Daniel Glattauer – Le ho mai raccontato del vento del Nord #DanielGlattauer #recensione

Mi scuote nel profondo, mi emoziona, a volte vorrei mandarla a quel paese, ma altrettanto volentieri me la vado a riprendere. Ho bisogno che sia nei paraggi. Sa ascoltarmi. È intelligente. È spiritosa. E, ciò che più conta: c’è sempre per me.

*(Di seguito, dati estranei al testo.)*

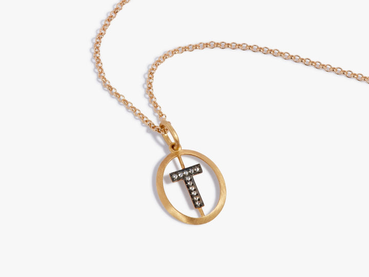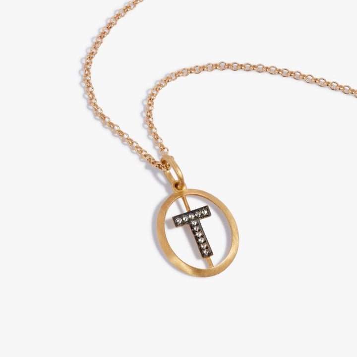 This Initial T Necklace by Annoushka is a classic expression of individuality, rendered in luminous yellow gold. With its reverse-set diamonds and understated sparkle, it carries personal significance in a design made to last.
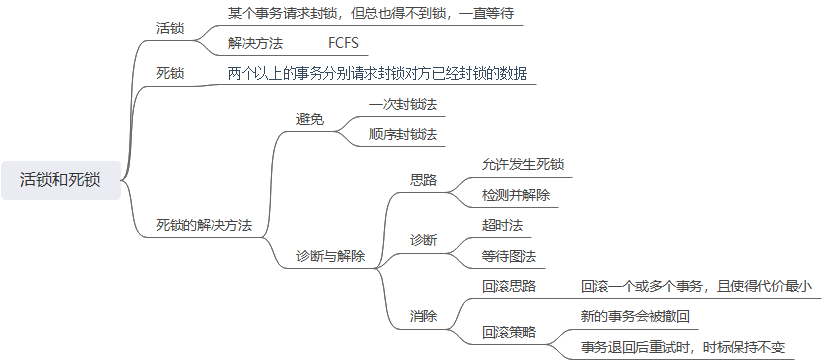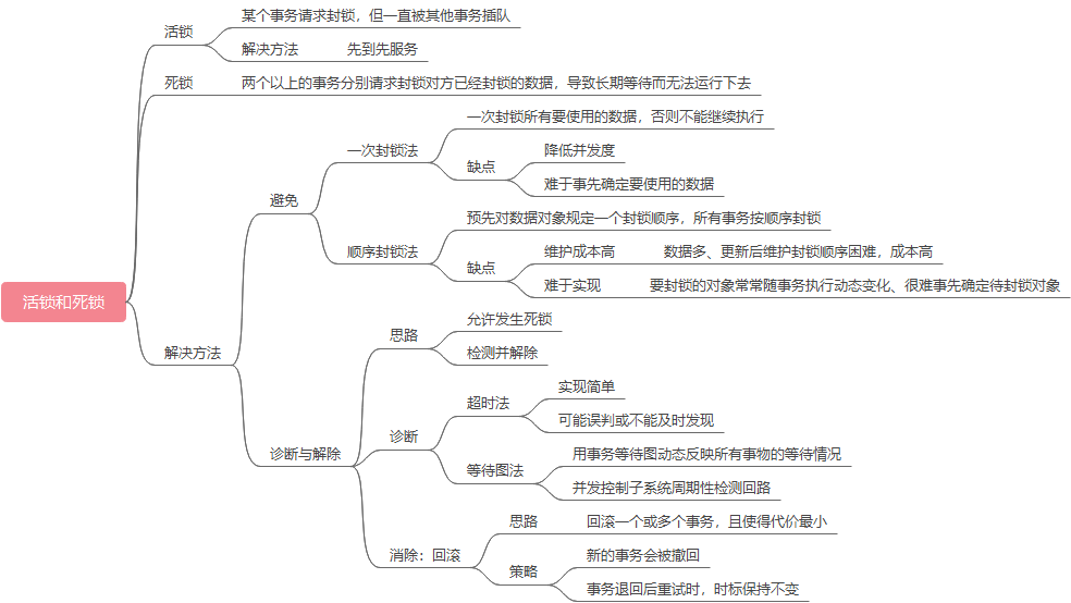 活锁:某个事务请求封锁,但一直被其他事务插队,解决方法是先到先服务
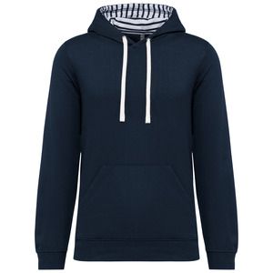 Gefütterte Kapuze mit spezifischem Stoff aus bedrucktem Baumwolljersey und kontrastfarbene Zugkordel.
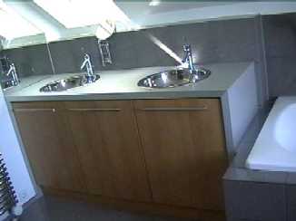 Front in Buche · Deckplatte und Seiten inAbet Riffel · polierte Edelstahlbecken
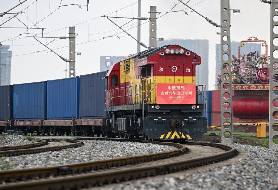 4月23日,中欧班列长安号吉利汽车出口专列从西安国际港站驶出。新华社记者 李一博 摄
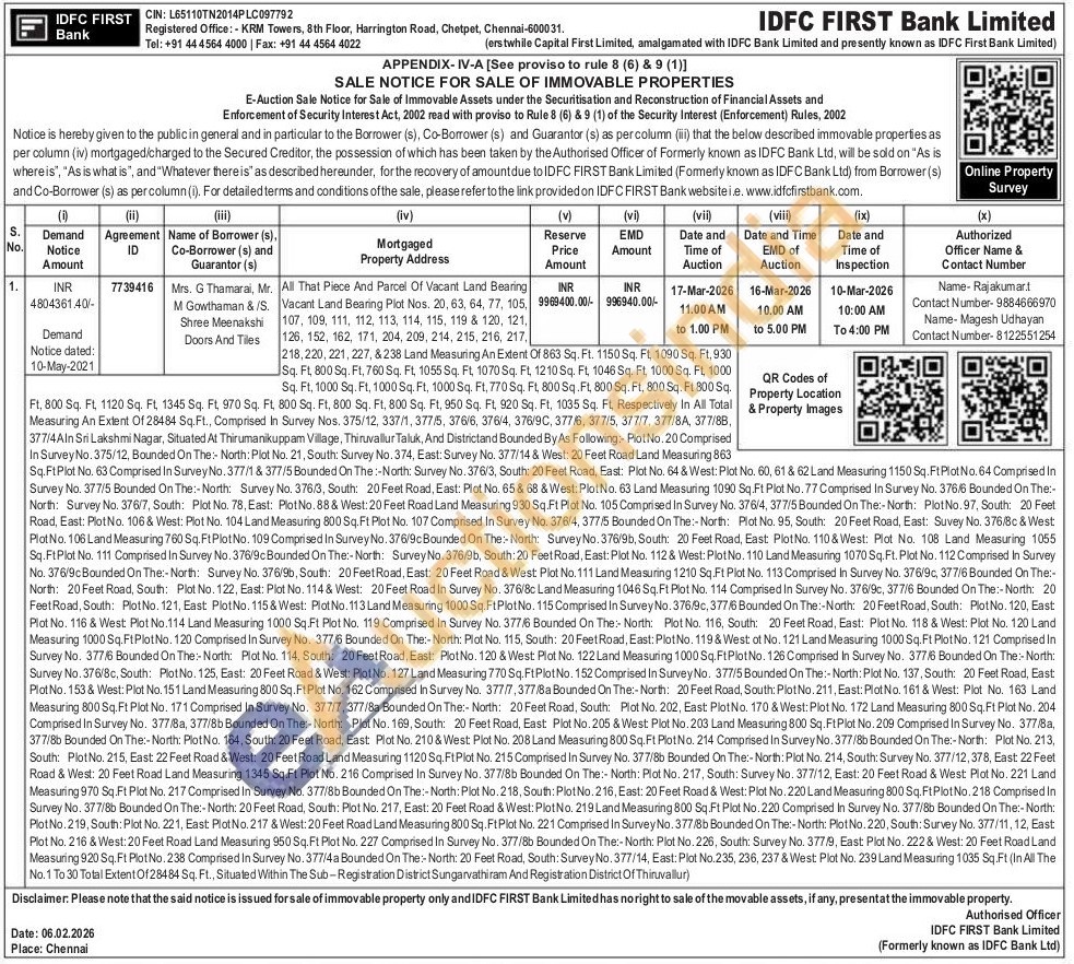 All That Piece And Parcel Of Vacant Land Bearing Vacant Land Bearing Plot Nos. 20, 63, 64, 77, 105, 107, 109, 111, 112, 113, 114, 115, 119 & 120, 121, 126, 152, 162, 171, 204, 209, 214, 215, 216, 217,218, 220, 221, 227, & 238 Land Measuring An Extent Of 863 Sq. Ft. 1150 Sq. Ft, 1090 Sq. Ft, 930 Sq. Ft, 800 Sq. Ft, 760 Sq. Ft, 1055 Sq. Ft, 1070 Sq. Ft, 1210 Sq. Ft, 1046 Sq. Ft, 1000 Sq. Ft, 1000 Sq. Ft, 1000 Sq. Ft, 1000 Sq. Ft, 1000 Sq. Ft, 770 Sq. Ft, 800 Sq. Ft, 800 Sq. Ft, 800 Sq. Ft 800 Sq. Ft, 800 Sq. Ft, 1120 Sq. Ft, 1345 Sq. Ft, 970 Sq. Ft, 800 Sq. Ft, 800 Sq. Ft, 800 Sq. Ft, 950 Sq. Ft, 920 Sq. Ft, 1035 Sq. Ft, Respectively In All Total Measuring An Extent Of 28484 Sq.Ft., Comprised In Survey Nos. 375/12, 337/1, 377/5, 376/6, 376/4, 376/9C, 377/6, 377/5, 377/7, 377/8A, 377/8B, 377/4 Aln Sri Lakshmi Nagar, Situated At Thirumanikuppam Village, Thiruvallur Taluk, And Districtand Bounded By As Following:- Plot No. 20 Comprised In Survey No. 375/12, Bounded On The:- North: Plot No. 21, South: Survey No. 374, East: Survey No. 377/14 & West: 20 Feet Road Land Measuring 863. Sq.Ft Plot No. 63 Comprised In Survey No. 377/1 & 377/5 Bounded On The:-North: Survey No. 376/3, South: 20 Feet Road, East: Plot No. 64 & West: Plot No. 60, 61 & 62 Land Measuring 1150 Sq. Ft Plot No. 64 Comprised In Survey No. 377/5 Bounded On The:-North: Survey No. 376/3, South: 20 Feet Road, East: Plot No. 65 & 68 & West: Plot No. 63 Land Measuring 1090 Sq.Ft Plot No. 77 Comprised In Survey No. 376/6 Bounded On The:-North: Survey No. 376/7, South: Plot No. 78, East: Plot No. 88 & West: 20 Feet Road Land Measuring 930 Sq. Ft Plot No. 105 Comprised In Survey No. 376/4, 377/5 Bounded On The:-North: Plot No. 97, South: 20 Feet Road, East: Plot No. 106 & West: Plot No. 104 Land Measuring 800 Sq. Ft Plot No. 107 Comprised In Survey No. 376/4, 377/5 Bounded On The:-North: Plot No. 95, South: 20 Feet Road, East: Suvey No. 376/8c & West Plot No. 106 Land Measuring 760 Sq. Ft Plot No. 109 Comprised In Survey No. 376/9c Bounded On The: North: Survey No. 376/9b, South: 20 Feet Road, East: Plot No. 110 & West: Plot No. 108 Land Measuring 1055 Sq. FtPlot No. 111 Comprised In Survey No. 376/9c Bounded On The:-North: Survey No. 376/9b, South: 20 Feet Road, East: Plot No. 112 & West: Plot No. 110 Land Measuring 1070 Sq. Ft. Plot No. 112 Comprised In Survey No. 376/9c Bounded On The: North: Survey No. 376/9b, South: 20 Feet Road, East: 20 Feet Road & West: Plot No. 111 Land Measuring 1210 Sq.Ft Plot No. 113 Comprised In Survey No. 376/9c, 377/6 Bounded On The:-North: 20 Feet Road, South: Plot No. 122, East: Plot No. 114 & West: 20 Feet Road In Survey No. 376/8c Land Measuring 1046 Sq. Ft Plot No. 114 Comprised In Survey No. 376/9c, 377/6 Bounded On The: North: 20 Feet Road, South: Plot No. 121, East Plot No. 115 & West: Plot No. 113 Land Measuring 1000 Sq. FtPlot No. 115 Comprised In Survey No. 376/9c, 377/6 Bounded On The:-North: 20 Feet Road, South: Plot No. 120, East Plot No. 116 & West: Plot No.114 Land Measuring 1000 Sq.Ft Plot No. 119 Comprised In Survey No. 377/6 Bounded On The North: Plot No. 116, South: 20 Feet Road, East: Plot No. 118 & West: Plot No. 120 Land Measuring 1000 Sq. FtPlot No. 120 Comprised In Survey No. 377/6 Bounded On The:-North: Plot No. 115, South: 20 Feet Road, East: Plot No. 119 & West of No. 121 Land Measuring 1000 Sq. Ft Plot No. 121 Comprised In Survey No. 377/6 Bounded On The:- North: Plot No. 114, South: 20 Feet Road, East: Plot No. 120 & West: Plot No. 122 Land Measuring 1000 Sq. FtPlot No. 126 Comprised In Survey No. 377/6 Bounded On The:- North: Survey No. 376/8c, South: Plot No. 125, East: 20 Feet Road & West: Plot No. 127 Land Measuring 770 Sq. Ft Plot No. 152 Comprised In Survey No. 377/5 Bounded On The:- North: Plot No. 137, South: 20 Feet Road, East Plot No. 153 & West: Plot No. 151 Land Measuring 800 Sq. FtPlot No. 162 Comprised In Survey No. 377/7, 377/8a Bounded On The:-North: 20 Feet Road, South: Plot No. 211, East: Plot No. 161 & West: Plot No. 163 Land Measuring 800 Sq. Ft Plot No. 171 Comprised In Survey No. 377/7, 377/Ba Bounded On The:- North: 20 Feet Road, South: Plot No. 202, East Plot No. 170 & West: Plot No. 172 Land Measuring 800 Sq. Ft Plot No. 204 Comprised In Survey No. 377/8a, 377/8b Bounded On The:-North: Plot No. 169, South: 20 Feet Road, East: Plot No. 205 & West: Plot No. 203 Land Measuring 800 Sq. Ft Plot No. 209 Comprised In Survey No. 377/8a, 377/8b Bounded On The:-North: Plot No. 164, South: 20 Feet Road, East Plot No. 210 & West: Plot No. 208 Land Measuring 800 Sq. Ft Plot No. 214 Comprised In Survey No. 377/8b Bounded On The:-North: Plot No. 213, South: Plot No. 215, East 22 Feet Road & West: 20 Feet Road Land Measuring 1120 Sq. FtPlot No. 215 Comprised In Survey No. 377/8b Bounded On The:-North: Plot No. 214, South: Survey No. 377/12, 378, East 22 Feet Road & West: 20 Feet Road Land Measuring 1345 Sq.Ft Plot No. 216 Comprised In Survey No. 377/8b Bounded On The:- North: Plot No. 217, South: Survey No. 377/12, East: 20 Feet Road & West: Plot No. 221 Land Measuring 970 Sq. Ft Plot No. 217 Comprised In Survey No. 377/8b Bounded On The:- North: Plot No. 218, South: Plot No. 216, East: 20 Feet Road & West: Plot No. 220 Land Measuring 800 Sq. Ft Plot No. 218 Comprised In Survey No. 377/8b Bounded On The:-North: 20 Feet Road, South: Plot No. 217, East: 20 Feet Road & West: Plot No. 219 Land Measuring 800 Sq.Ft Plot No. 220 Comprised In Survey No. 377/8b Bounded On The:-North: Plot No. 219, South: Plot No. 221, East: Plot No. 217 & West: 20 Feet Road Land Measuring 800 Sq. Ft Plot No. 221 Comprised In Survey No. 377/8b Bounded On The:- North: Plot No. 220, South: Survey No. 377/11, 12, East Plot No. 216 & West: 20 Feet Road Land Measuring 950 Sq. Ft Plot No. 227 Comprised In Survey No. 377/8b Bounded On The:- North: Plot No. 226, South: Survey No. 377/9, East Plot No. 222 & West: 20 Feet Road Land Measuring 920 Sq. Ft Plot No. 238 Comprised In Survey No. 377/4 a Bounde
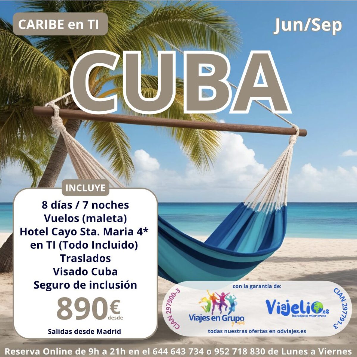 CUBA 🌴 de Junio a Septiembre desde Madrid. Incluye: Vuelos 🛩 (maleta), Hotel 🏨 Cayo Sta. María 4* en TI (Todo Incluido), traslados 🚌, visado Cuba y seguro 🎫. Precio 💶 desde 890€. #caribe #cuba #madrid #viajesengrupo #viajelio #viajes #ofertas
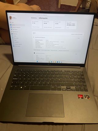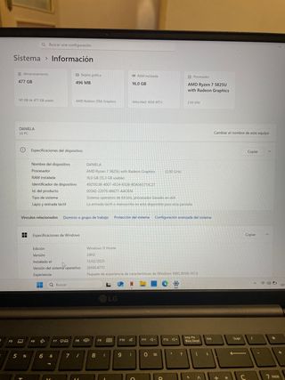 Vendo este portátil LG en perfecto estado. Es ligero y fácil de transportar. - Procesador AMD Ryzen 7 5825U con Radeon Graphics (2.00 GHz) - 16 GB de RAM (15.3 GB utilizables) - 477 GB de almacenamiento (141 GB usados)
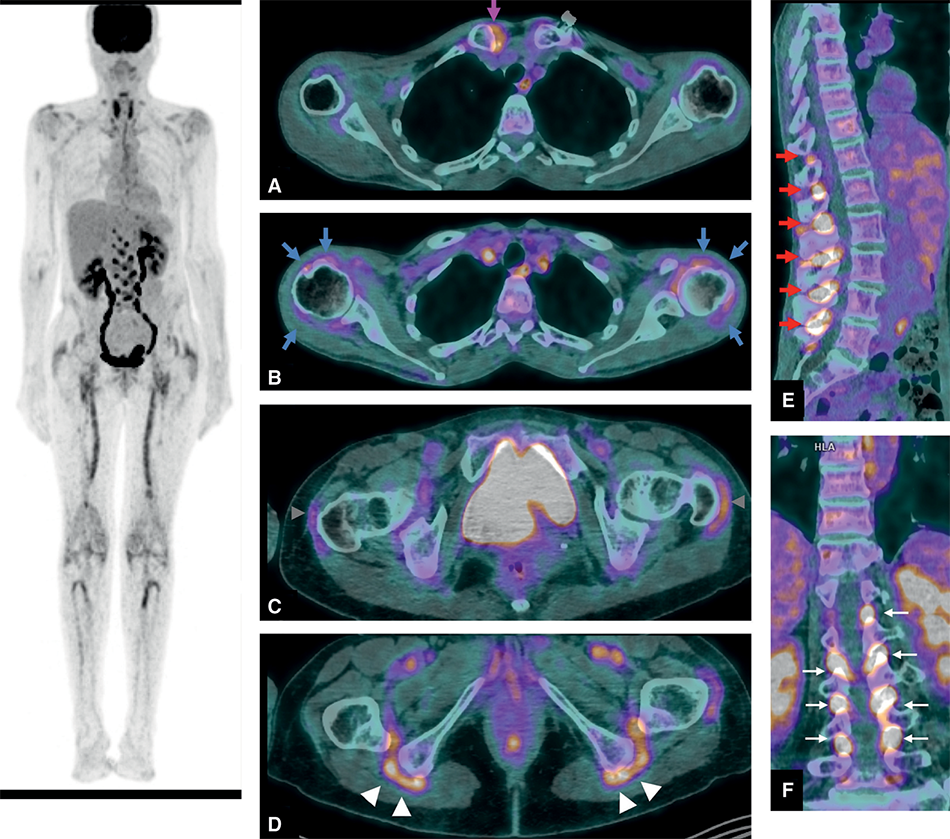 Hypermétabolismes articulaires et péri-articulaires intenses prédominant sur les ceintures et touchant notamment l’articulation acromioclaviculaire droite (A, flèche rose), péri-articulaires des deux épaules (B, flèches bleues), des enthèses sur les grands trochanters (C, têtes de flèches grises) et les tubérosités ischiatiques (D, têtes de flèches blanches) ainsi que des es- paces interépineux (E et F, flèches rouges et blanches). À noter : un hypermétabolisme des artères fémorales, évocateur d’artérite à cellules géantes associée (astérisque).
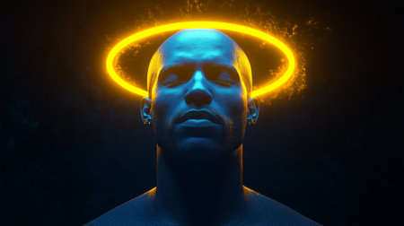 Man with a glowing halo in a dark setting, emphasizing a moment of introspection and tranquility
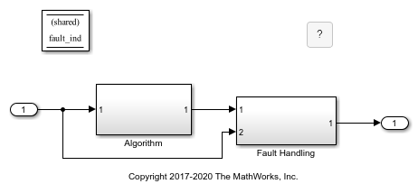 在这个示例中,多个 Model 模块引用了一个代表故障处理算法的模型。每个 Model 模块都是该算法的独立实例。每个实例都会计算并存储模型所包含的信号的副本。
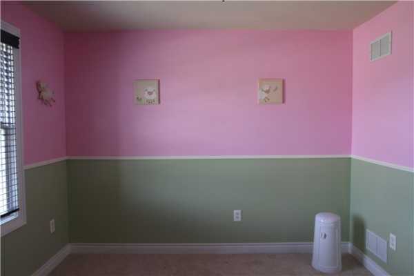 Такое оформление позволяет быстро и эффективно освежить любой интерьер. После окраски стены одним цветом необходимо отметить полосу необходимой ширины. Подобная комбинация идеальна для коридора и детских комнат.
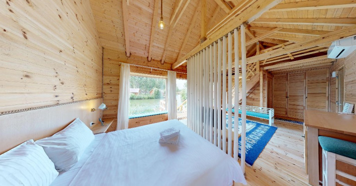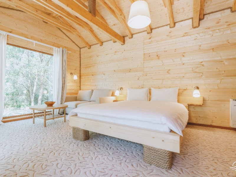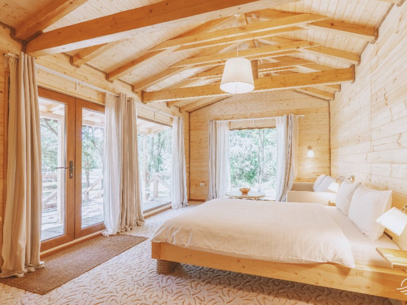 Pentru cei care prefera energia padurii in detrimentul apei, casele in copac sunt alegerea perfecta. Acestea au terasa si baie proprie, un pat matrimonial si o canapea extensibila.
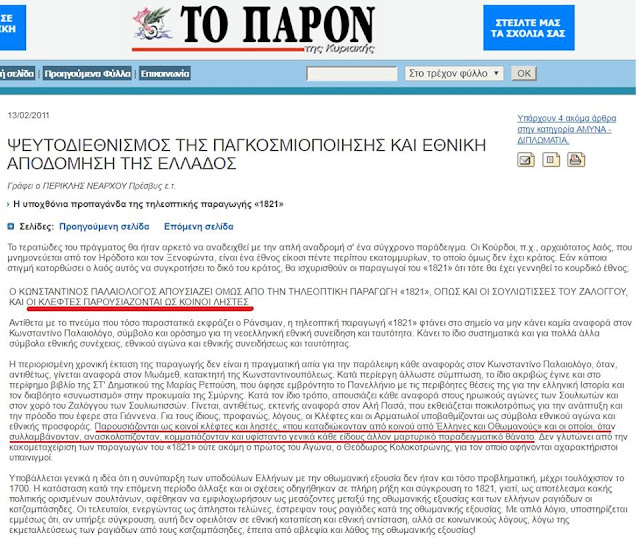 Κατά καιρούς ακούστηκαν πολλά αιρετικά σχετικά με την επανάσταση του 1821, αλλά και με το Μακεδονικό. Ακούσαμε ότι οι πρωταγωνιστές της Ελληνικής Επανάστασης ήταν κανονικοί κλέφτες κι Αλβανοί στην καταγωγή κι ο Διονύσιος Σολωμός ήταν Εβραίος κι όχι Έλληνας. Τέλος ακούσαμε, ότι οι Μακεδονομάχοι ήταν κάτι σαν τους τζιχαντιστές.

Daniel Glattauer – Le ho mai raccontato del vento del Nord
Editore: FELTRINELLI

Collana: I Canguri
Traduttore: Leonella Basiglini

ATTENZIONE! Post ad alto contenuto di spoiler e di cinicità.

Ho comprato questo libro per quattro motivi: ero attratta dal titolo accattivante, avevo voglia di leggere una storia d’amore, era un romanzo citato in un altro libro che ho letto di recente (La lettera d’amore di Cathleen Schine) . Infine, perché il libro è uno di quei titoli onnipresenti in ogni offerta della Feltrinelli, per cui prima o poi finisci per portartelo a casa.
È un grande successo editoriale di una decina di anni fa, un romanzo epistolare sotto forma di email e basta questo per creare grandi aspettative in una figlia di Meg Ryan e Tom Hanks come me….
Lo stile è vivace e scorrevole, si legge volentieri, ha il ritmo rapido e immediato dell’email.

È il contenuto che mi fa dire che questo libro è uno di quelli che mi sono piaciuti meno tra quelli letti quest’anno, perché mi ha fatta oscillare tra la tenerezza e l’irritazione e alla fine l’irritazione ha prevalso.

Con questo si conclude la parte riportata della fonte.